Es regnete alles in allem Glücksmomente

17 Schauspielerinnen und Schauspieler und 5 Regisseure und Regisseurinnen liessen einen Text lebendig werden, indem sie Buchsequenzen in eine Erzählrhythmik brachten, mit ihrer Präsenz das Romanpersonal beseelten und dieses in eine packende Mentalitätsgeschichte der Stadt Zürich einbetteten.

Es regnete in Strömen, es war kalt, und der Reisebus war tatsächlich mit «ZSC Lions – MIR SIND ZÜRI» beschriftet. Der Start ins 12-stündige Theaterabenteuer «alles in allem 2019» schien nicht eben vielversprechend. Doch das kümmerte offenbar niemanden, auch nicht Premierengast Stadtpräsidentin Corine Mauch. Helferinnen und Helfer in blauen Westen walteten ihres Amtes, das Publikum hatte nur Augen für die Schönheit des Patumbah-Parks, und das schauspielende Personal trotzte der Witterung in Blümchenkleid oder gar barfuss. Alexander Pelichet, der Herr mit den nackten Füssen im Muschelbrunnen, meinte dazu: «Es war absolut berührend zu sehen, wie Peter sich freute, an diesem gerade für ihn besonders grossen Tag. Ich hätte alles gegeben, dass er gelingt, und meine kalten Füsse waren da ein bescheidener Beitrag.»

Dennoch murrte niemand, als es bald trocken weiterging. Das Gasi-Museum in Schlieren war gleichzeitig Lunchort, wobei dort zunächst nur die Würstchen auf dem Grill an der Wärme waren. Später dann öffneten drei Säle der Kaserne eigens für die Theatergesellschaft ihre Tore. In einem dieser Säle, der Polithek der Kantonspolizei, erwachten die grandiosen Schabkartonbilder des Zürcher Künstlers Hannes Binder, welche dieser für die Theaterreise und die neuste Buchausgabe von «Alles in Allem» schuf, zum vielapplaudierten Leben. Und im Zehntenhaus in Affoltern wurde sogar eine schicke Party gefeiert, mit Sofa, Charleston und Trallalla.

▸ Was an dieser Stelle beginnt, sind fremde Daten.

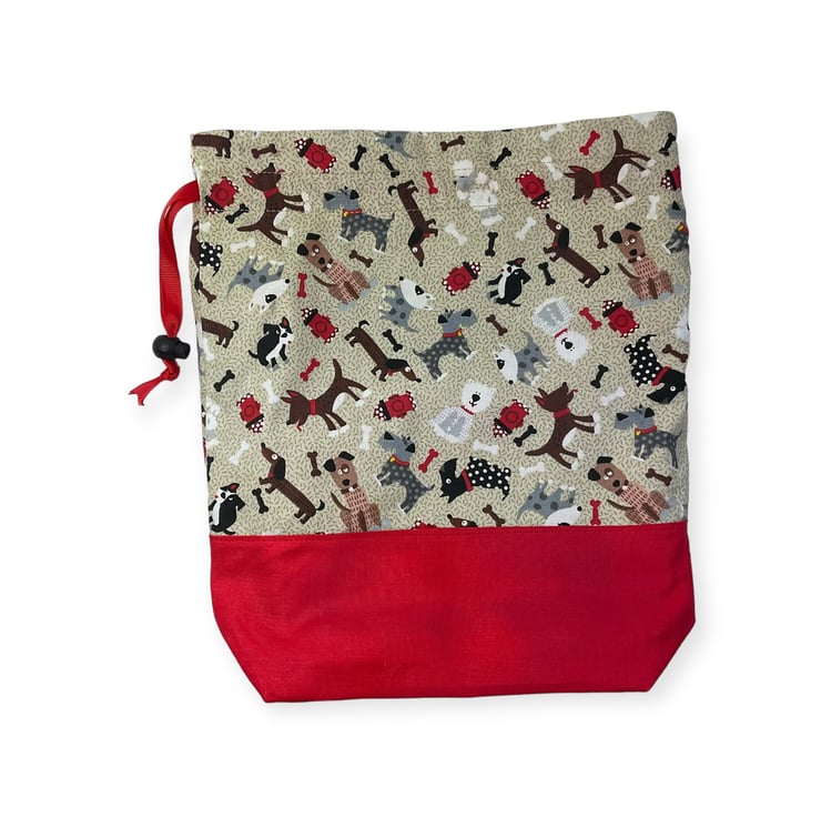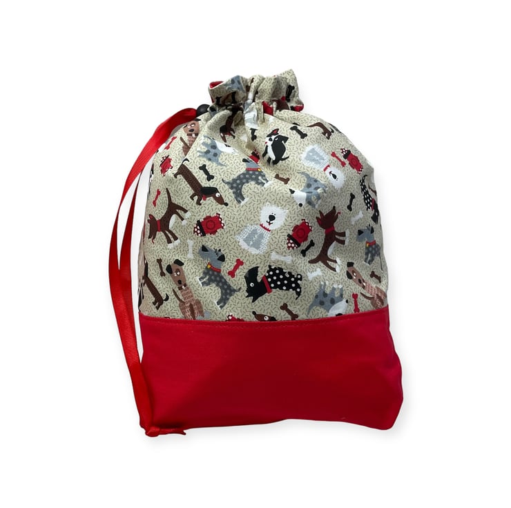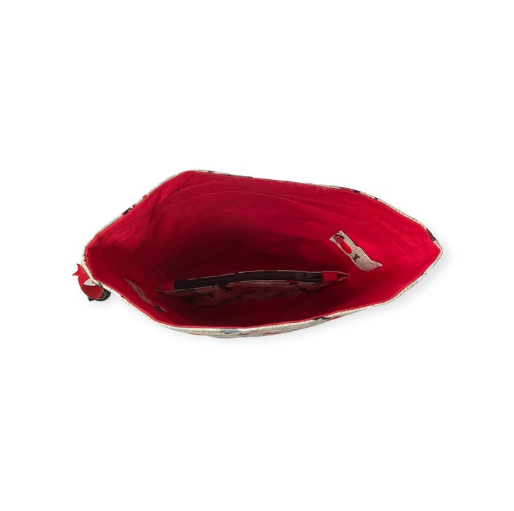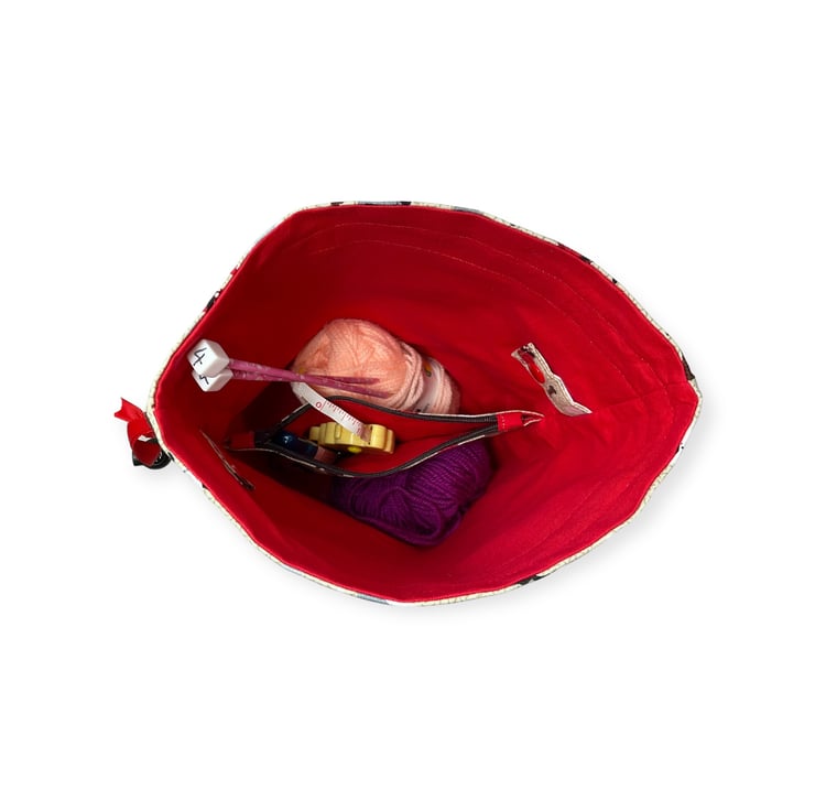 This is a two at a time knitting bag, but it also could be used for other things. It has the cutest cats in lines print cotton on a white background and I have paired it with a bright red with black spot lining and exterior accent piece. The divider inside the bag is a fixed zip pouch that has the exterior and lining matching as the main bag itself. Inside are 2 fabric matched yarn guides, fastened with snaps. The entire bag is interfaced and the base boxed so it stands up.
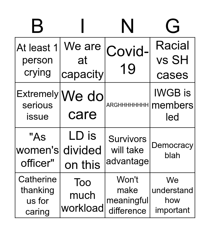 This bingo card has 16 words: Catherine thanking us for caring, Too much workload, Covid-19, Racial vs SH cases, Extremely serious issue, We are at capacity, Survivors will take advantage, Democracy blah, At least 1 person crying, We do care, Won't make meaningful difference, IWGB is members led, "As women's officer", LD is divided on this, ARGHHHHHHHH and We understand how important.
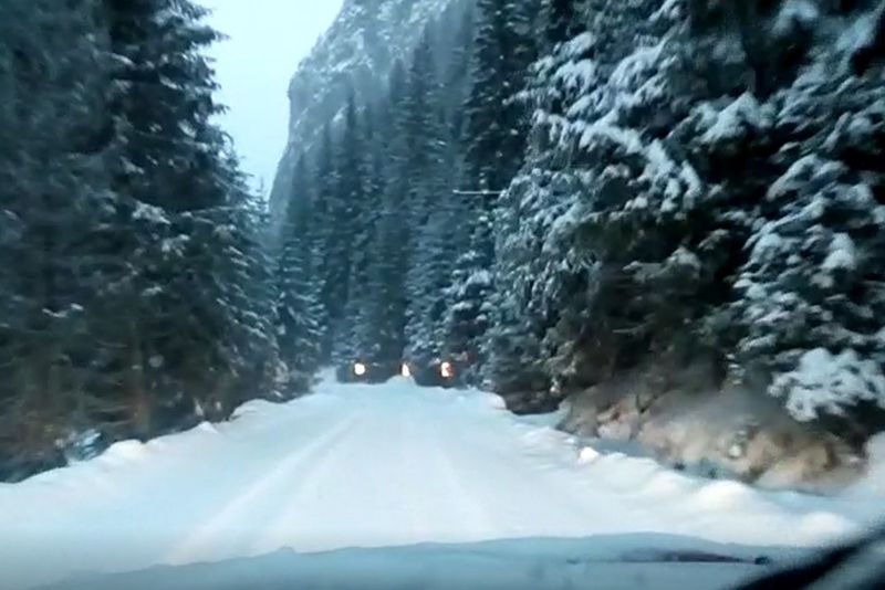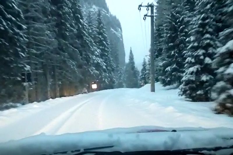 Traficul auto, la primele ore ale dimineții în zona stațiunii Padina-Peștera, din Bucegii dâmbovițeni se desfășura în condiții de iarnă, la primele ore ale dimineții de 15 decembrie.
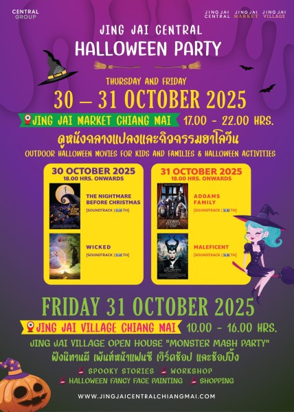 เตรียมตัวให้พร้อม! ฮาโลวีนนี้มาสนุกกันตลอดสองวัน ที่ย่านจริงใจเซ็นทรัล . วันพฤหัสบดีและศุกร์ที่ 30 - 31 ตุลาคม 2568 17.00 – 22.00..

Eine besondere Herausforderung wurde die Etappe im Seewasserwerk Moos. Immerhin ging es per Lift in einer Minute 80 Meter in die Tiefe, in den Stollen, der den Anfang der Verbindung zum Reservoir Lyren markiert. Trotz freundlichem Empfang durch Helferinnen und Helfer in neckischen roten Liftboyhütchen, drehten kurz vor dem Lift zwei Besucherinnen ab. Alle anderen erlebten im unwirtlich kühlen Tunnel, eingemummelt in warme Decken, die Magie der Imagination, angeregt durch die Schauspielerinnen und Schauspieler und die Klänge des musikalischen Reisebegleiters, des Vielinstrumentalisten Martin Schumacher.

Als sie wieder an der Erdoberfläche auftauchten, waren 11 Stunden seit dem Start der Reise vergangen, aber die Gruppe war animiert, vergnügt, quicklebendig. Sie wurde zum letzten Höhepunkt im Kulturmarkt erwartet, wo man die gemischtreligiöse Hochzeit zwischen einem jüdischen Secondo und der Tochter einer schweizerisch-deutschen Liaison feierte.

Fernando Pessoa hat den wohl schüchternsten Helden der Weltliteratur, den Hilfsbuchhalter Bernardo Soares, sinngemäss sagen lassen, er brauche nicht zu reisen, es genüge ihm, am Bahnhof in die Augen der Reisenden zu schauen. Blickte man spätabends am Schluss der letzten Etappe in die Augen des Publikums wusste man, was eine Zuschauerin wie folgt formulierte: «Es war einfach fantastisch!»